There is, of course, a but(t). To be precise, there are also long paragraphs discussing why the structure might not be a notochord after all. It’s much thicker than anything currently interpreted as such in reasonably clear Cambrian chordates, for one thing. Moreover, it ends right where the animal does, in a little notch that looks like a good old-fashioned arsehole. By the way, the paper notes, vetulicolian tails in general don’t go beyond their anuses by any reasonable interpretation of the anus, and a tail behind the anus is kind of a defining feature of chordates, though this study cites a book from the 1970s claiming that sea squirt larvae have a vestigial bit of proto-gut going all the way to the tip of the tail. (I suspect that claim could use the application of some modern cell labelling techniques, but I’ve not actually seen the book…)
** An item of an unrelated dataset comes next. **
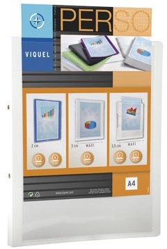 Voor A4 formaat. Rug van 2,5 cm. Uit PP. Met 2 ringen van 20 mm.
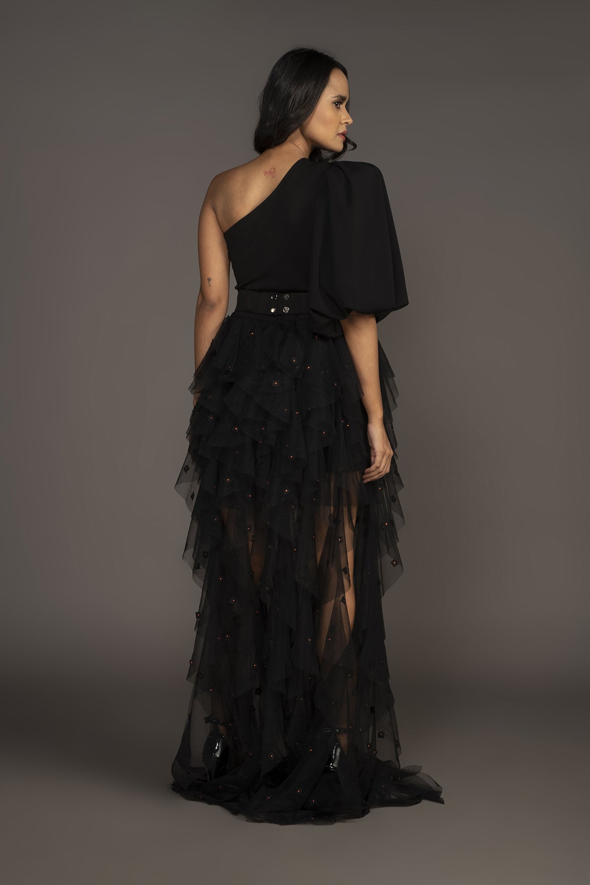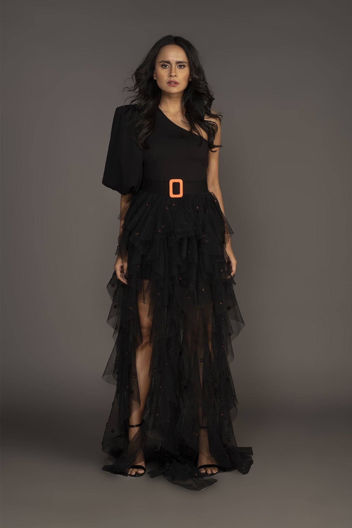 One shoulder bodysuit with ruffled skirt with neon cutwork detailing & attached inner comes with a belt.

… and there is a phylogenetic analysis, in which, if you interpret vetulicolians as deuterostomes (which impacts how you score their various features), they come out specifically as squirt relatives whether or not you count the notochord. I’m never sure how much stock to put in a phylogenetic analysis based on a few bits of anatomy gleaned from highly contentious fossils, but at least we can say that there are other things – like a hefty cuticle – beyond that notochord-or-not linking vetulicolians to a specific group of chordates.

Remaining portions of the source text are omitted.